Jump threading in tree dom pass prevents if-conversion & following vectorization
Bingfeng Mei
bmei@broadcom.com
Thu Nov 21 15:11:00 GMT 2013
Hi,
I am doing some investigation on loops can be vectorized
by LLVM, but not GCC. One example is loop that contains
more than one if-else constructs.
typedef signed char int8;
#define FFT 128
typedef struct {
int8 exp[FFT];
} feq_t;
void test(feq_t *feq)
{
int k;
int feqMinimum = 15;
int8 *exp = feq->exp;
for (k=0;k<FFT;k++) {
exp[k] -= feqMinimum;
if(exp[k]<-15) exp[k] = -15;
if(exp[k]>15) exp[k] = 15;
}
}
Compile it with 4.8.2 on x86_64
~/install-4.8/bin/gcc ghs-algorithms_380.c -O2 -fdump-tree-ifcvt-details -ftree-vectorize -save-temps
It is not vectorized because if-else constructs are not properly
if-converted. Looking into .ifcvt file, I found the loop is not
if-converted because of bad if-else structure. One branch jumps directly
into another branch. Digging a bit deeper, I found such structure
is generated by dom1 pass doing jump threading optimization.
So recompile with
~/install-4.8/bin/gcc ghs-algorithms_380.c -O2 -fdump-tree-ifcvt-details -ftree-vectorize -save-temps -fno-tree-dominator-opts
It is magically if-converted and vectorized! Same on our target,
performance is improved greatly in this example.
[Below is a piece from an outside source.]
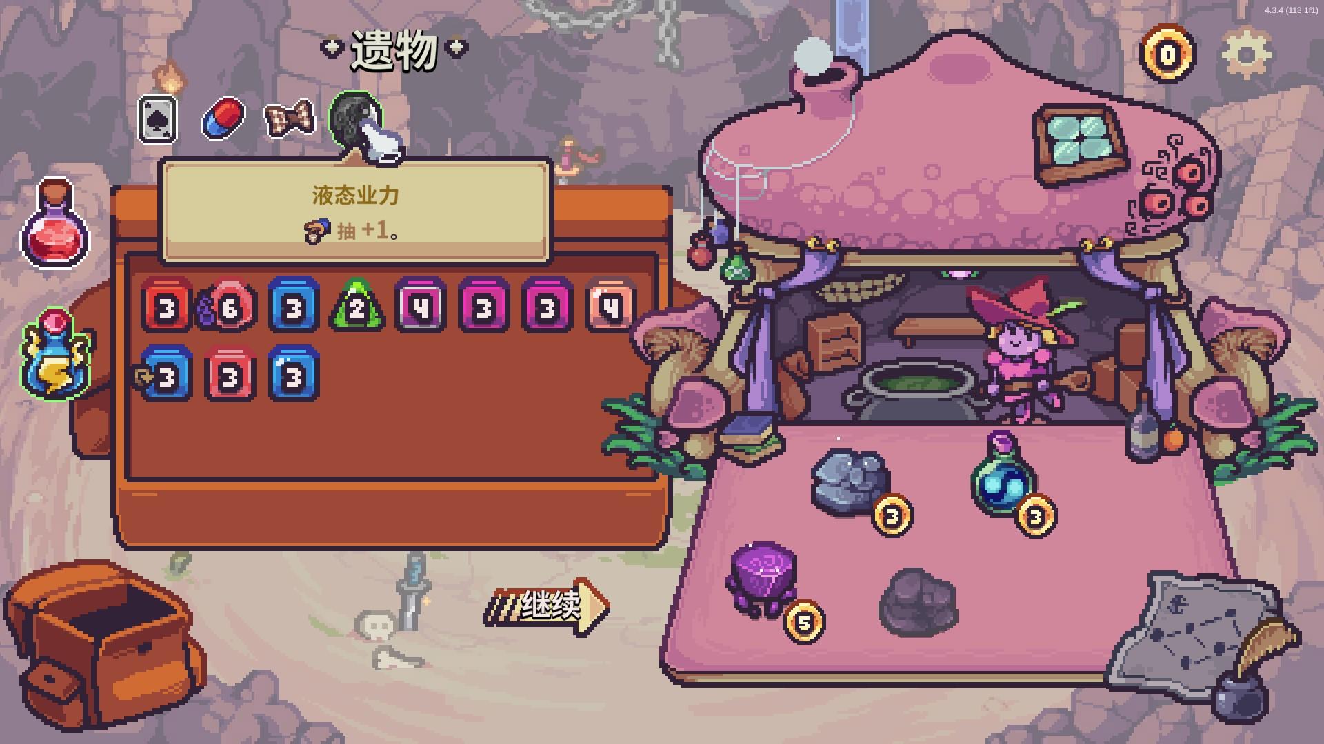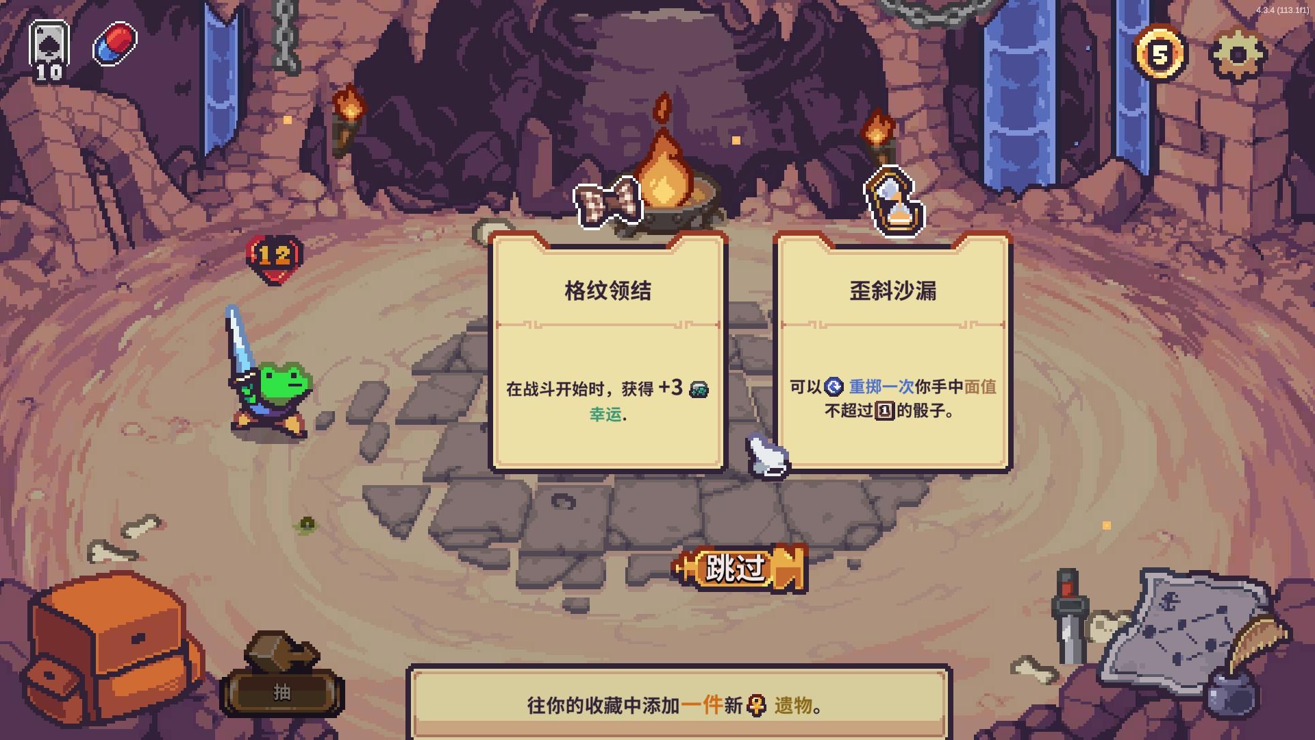 除了三种基础颜色的骰子之外,还有紫色的强化骰子,可以在放置后强化骰子盘里其他格子的数值,这样放置骰子后会增加点数,击败敌人之后就可以选择新的骰子放入抽牌堆也可以跳过骰子奖励获得1钱币。冒险开始也能选择一件起始的魔法遗物获得增益,继而开始你的冒险之旅。
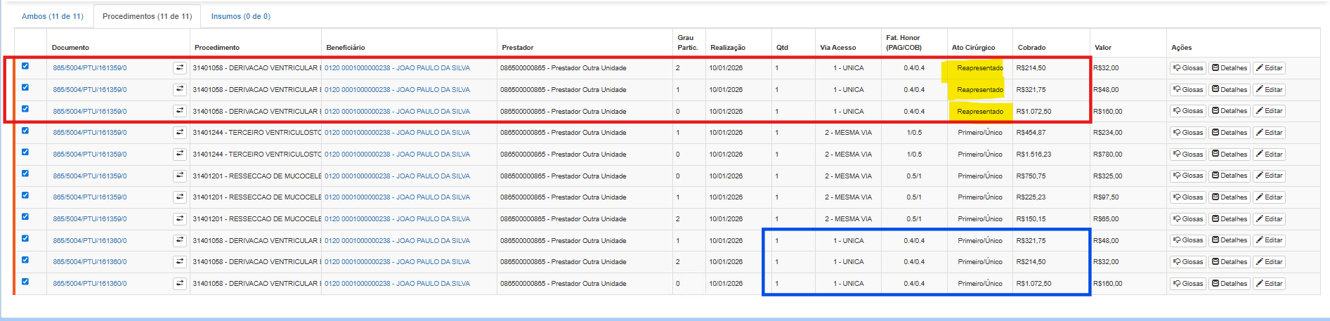 O movimento é marcado como "Reapresentado", indiferente de seu status. Inclusive movimentos que estejam em auditoria podem receber o ato cirúrgico como "Reapresentado".

It seems to me that doing jump threading for architectures
support if-conversion is not a good idea. Original if-else structures
are damaged so that if-conversion cannot proceed, so are vectorization
and maybe other optimizations. Should we try to identify those "bad"
jump threading and skip them for such architectures?